Vallerani, che abbina le competenze di storico dei sistemi e delle istituzioni giudiziarie a quelle dello storico lato sensu politico, dimostra che quella trasformazione non fu né lineare né omogenea, neppure in un ambito segnato da una cultura giuridica condivisa, e da una comune cultura del governare,come fu quello dell'Italia comunale. Certo, sotto la spinta di una potente (e quantitativamente crescente) "domanda di giustizia" che proveniva da società urbane caratterizzate da una violenza diffusa, il sistema giudiziario ammortizza e incanala la conflittualità, la regola e la ridisegna, secondo linee largamente comuni: per esempio, tipizza le denunce adottando stereotipi (gli stupri o le offese sono definiti usando sempre le stesse parole), formalizza il processo (sia accontentandosi della "verità probabile trovata all'interno del processo" come accade nel rito accusatorio, sia cercando una "verità oggettiva", a prescindere dalla volontà delle parti, con il processo inquisitorio). La mediazione dell'apparato (i notai, i giudici podestarili) e la riflessione dei dottori, formati a un comune modo di pensare, ha in questo un grande peso.

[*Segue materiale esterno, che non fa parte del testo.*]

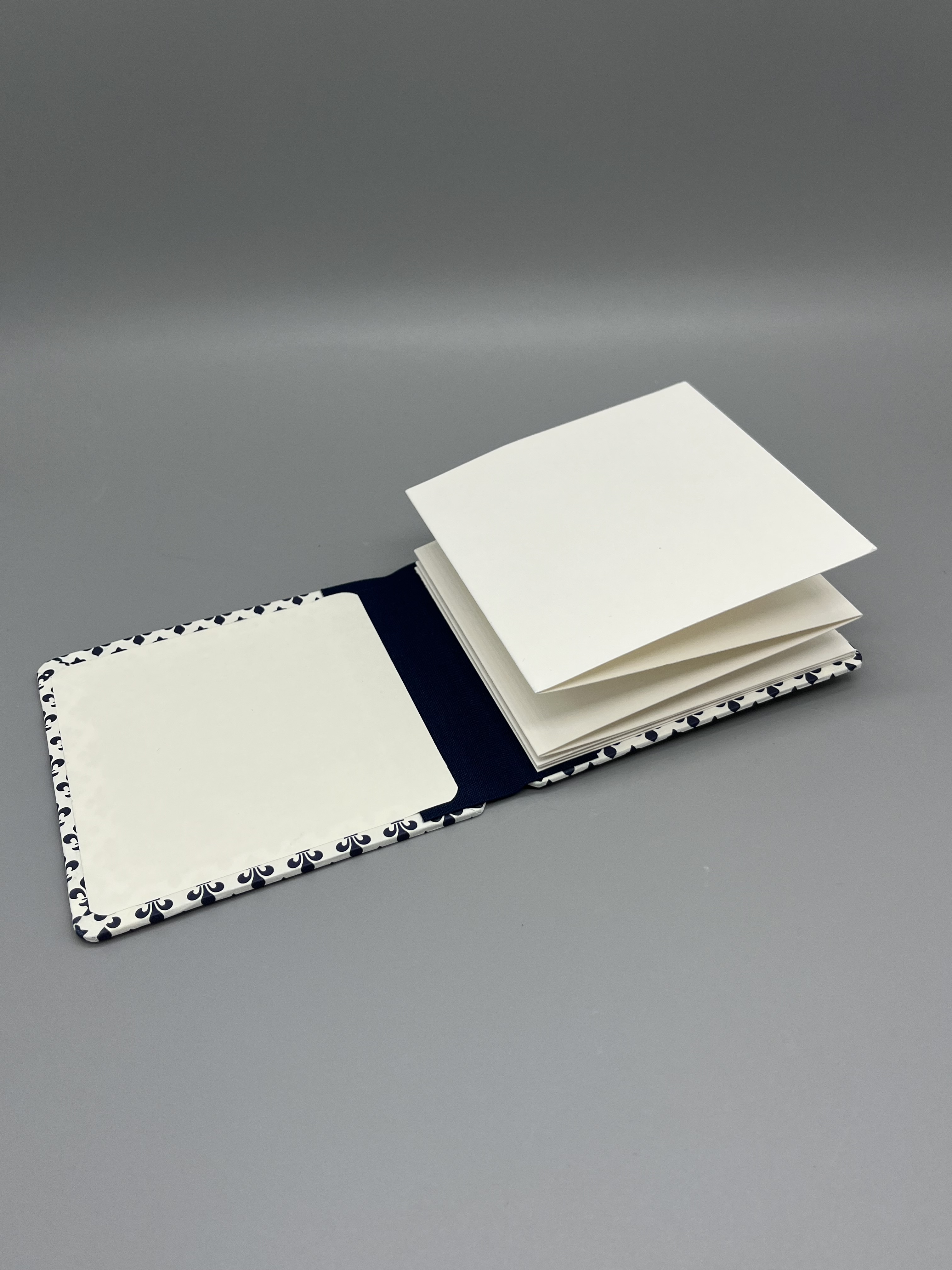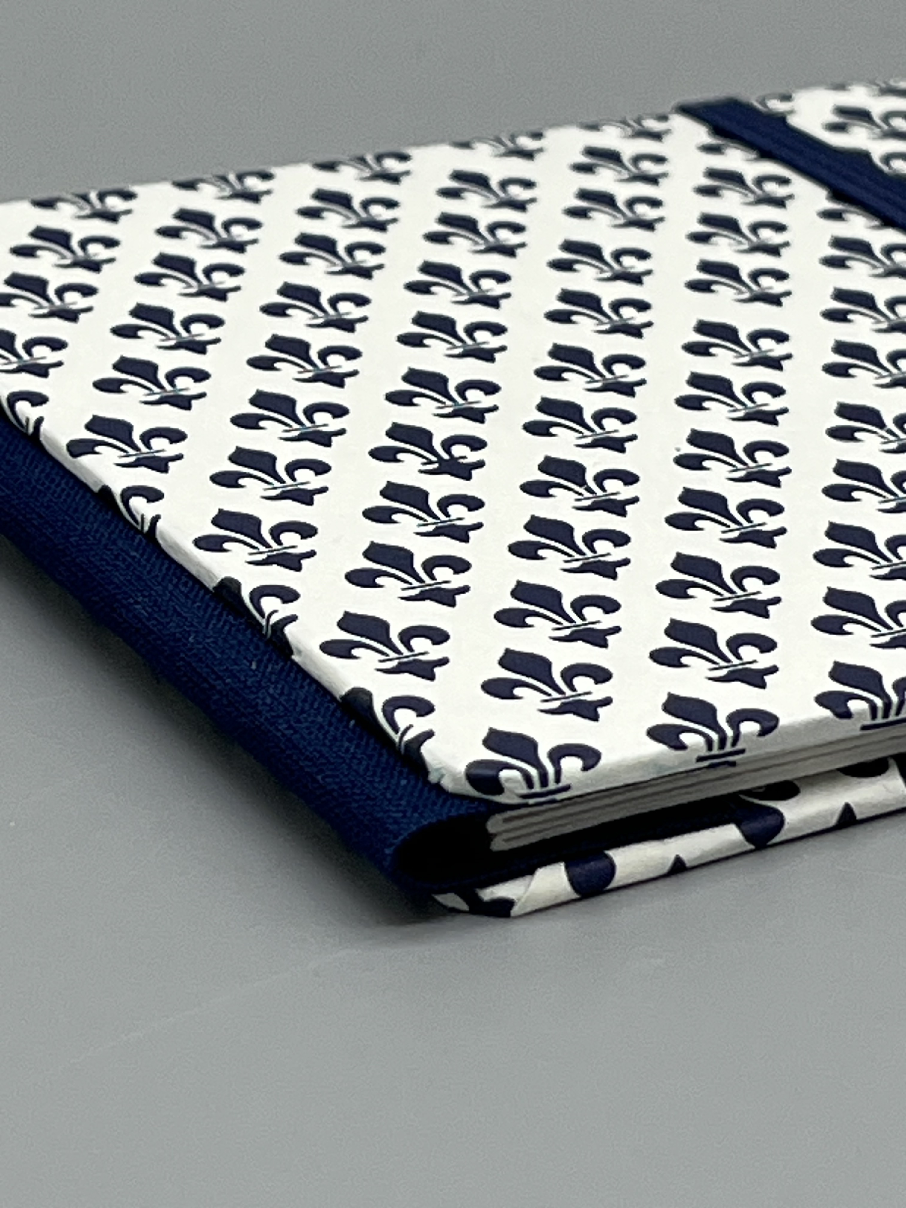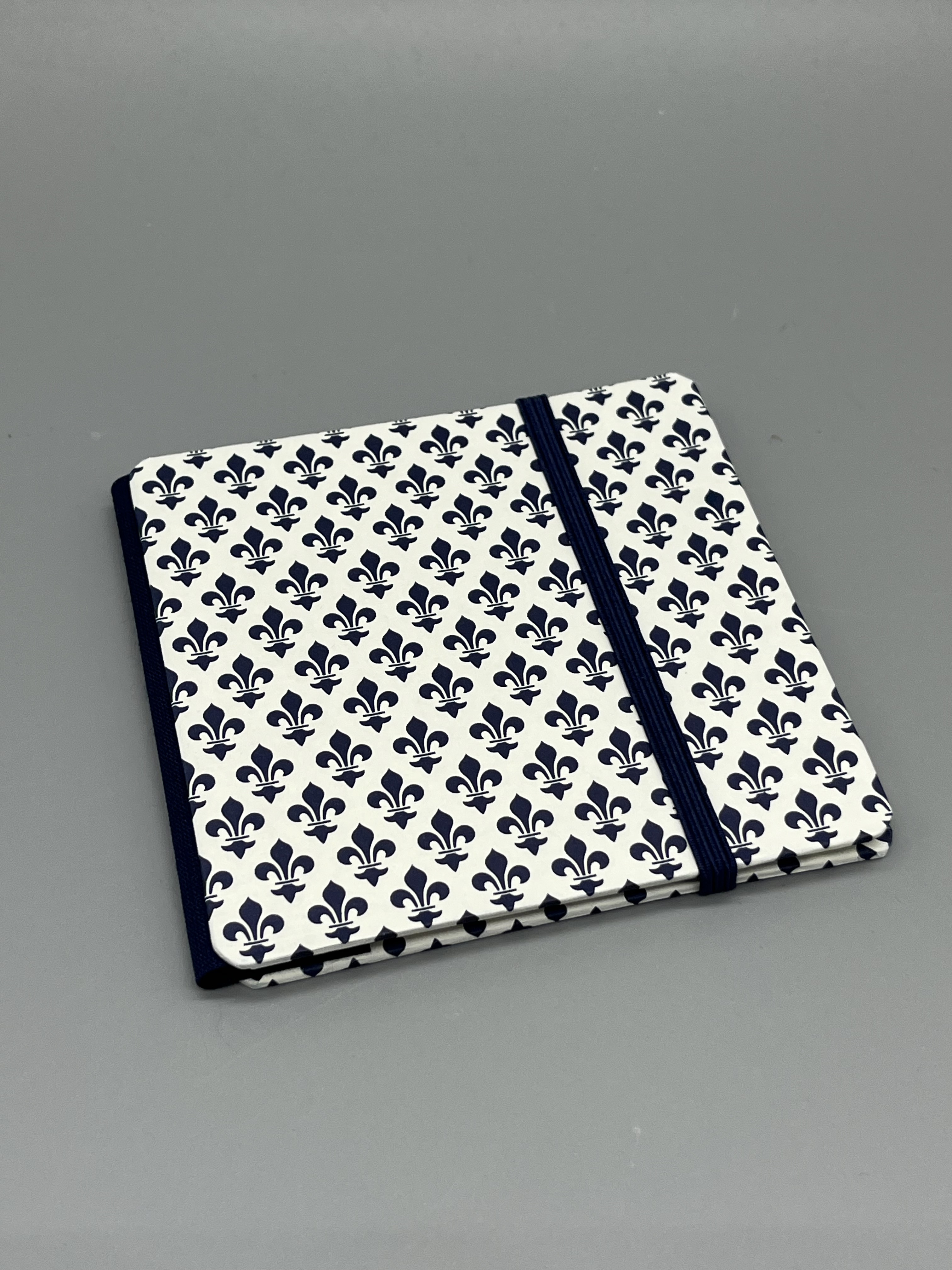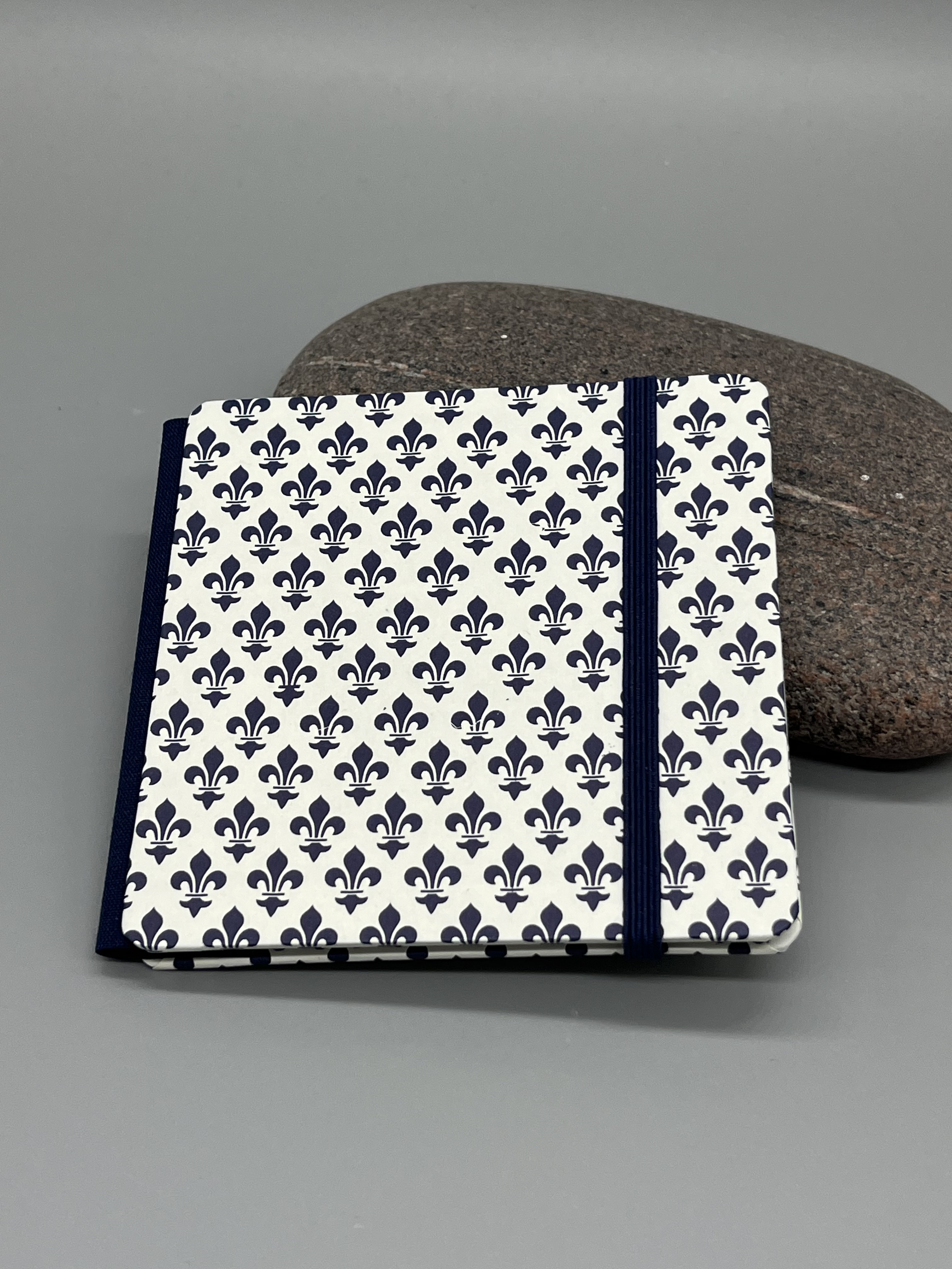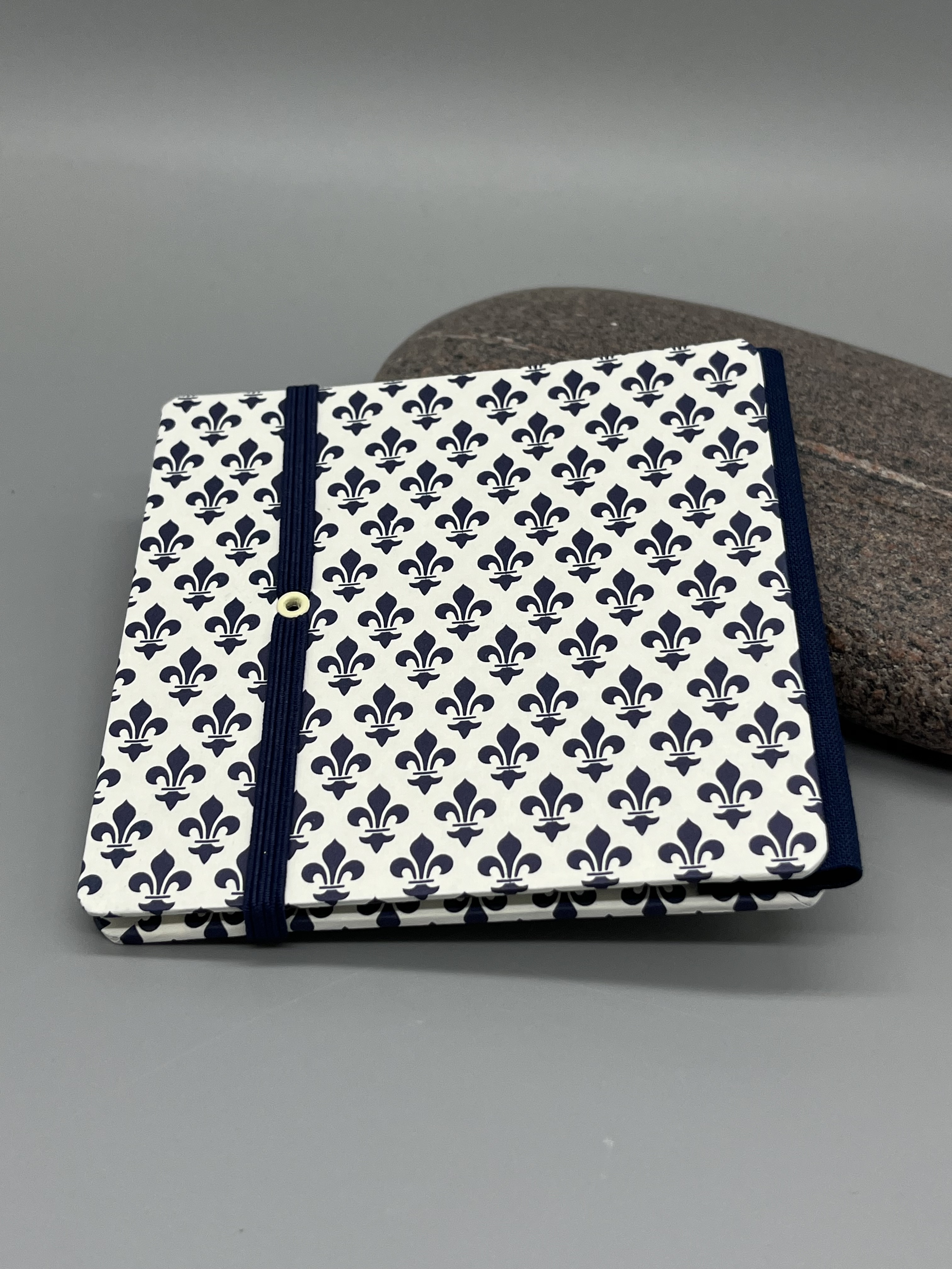 Dieses Büchlein ist mit viel Liebe handgebunden. Ich habe dafür feste Graupappe, ein hochwertiges Bezugspapier mit Carta Varese-Druck und dunkelblaues Buchleinen genutzt.

E tuttavia, osserva e dimostra Vallerani, nell'ottica dei governi cittadini la gestione dei conflitti non può essere affidata in modo esclusivo all'arbitrio di giudici stranieri, e dunque estranei alle logiche e all'influsso del potere locale, e dunque in qualche modo "terzi". L'approfondimento della politica giudiziaria di due grandi comuni popolari, come Perugia e Bologna, permette di constatare come procedure tendenzialmente omogenee venissero, nelle diverse città, via via adattate alle esigenze, anche quotidiane e immediate, della politique politicienne dei bandi e delle logiche di partito: ad esempio, procedendo per via di eccezione (e dunque lasciando intatto il quadro dei principi), e avvalendosi del prestigio dei giudici consulenti espressi dai collegi locali, spesso non inferiori per prestigio e per dottrina ai giudici esterni che accompagnavano il podestà.
Dunque, un quadro ricco e complesso, quello proposto da Vallerani; e se anche è banale ripeterlo, non per questo è meno vero che sia tutt'altro che privo di insegnamenti per l'oggi.